Garden in Hirakawa, Japan

Seitō Shoin Teien (清藤氏書院庭園) is a Japanese dry landscape garden and nationally designated Place of Scenic Beauty in the city of Hirakawa, Aomori Prefecture, Japan.

==Overview==
The garden was laid out in the Genroku era of the Edo period (1668-1703) at the residence of the Seitō family, to commemorate the visit of a court noble, Fujiwara Tadanaga, to this location to plant a keyaki tree. The Seitō family claimed descent from Seitō Morihide, a retainer of Hōjō Tokiyori in the Kamakura period. According to legend, Hōjō Tokiyori had an affair with a lady-in-waiting named Karaito Gozen. This incurred the wrath of his wife, and fearing for Karaito Gozen's safety, he entrusted her to Seitō Morihide with orders to hide her in a distant location with promises that they would eventually be reunited. Seitō Morihide took her to distant Tsuruga by sea, to a village in what is now Fujisaki, Aomori. However, after years went by, Karaito Gozen feared that Hōjō Tokiyori had a change of heart and she committed suicide by throwing herself in a pond. Unable to face Tokiyori, Seitō Morihide decided to remain in Tsugaru. His descendants became great landholders, and Fujiwara Tadanaga was visiting sites connected with this legend.

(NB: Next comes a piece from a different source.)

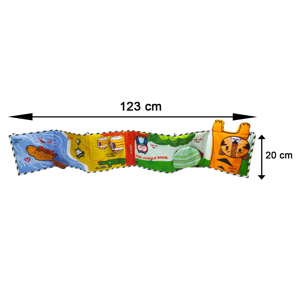 - Kích thước đồ chơi vải kiêm quây nôi: 20 x123 cm

The garden covers an area of 2,881.43 sqm. The original keyaki tree no longer exists, and the garden was extensively renovated in the late Edo period; however, it can be considered a prototype of the Oishi Bugaku Ryu style of Japanese gardens, as later seen at the nearby Seibi-en.

The garden is approximately a 10 minute walk from Tsugaru-Onoe Station on the Kōnan Railway.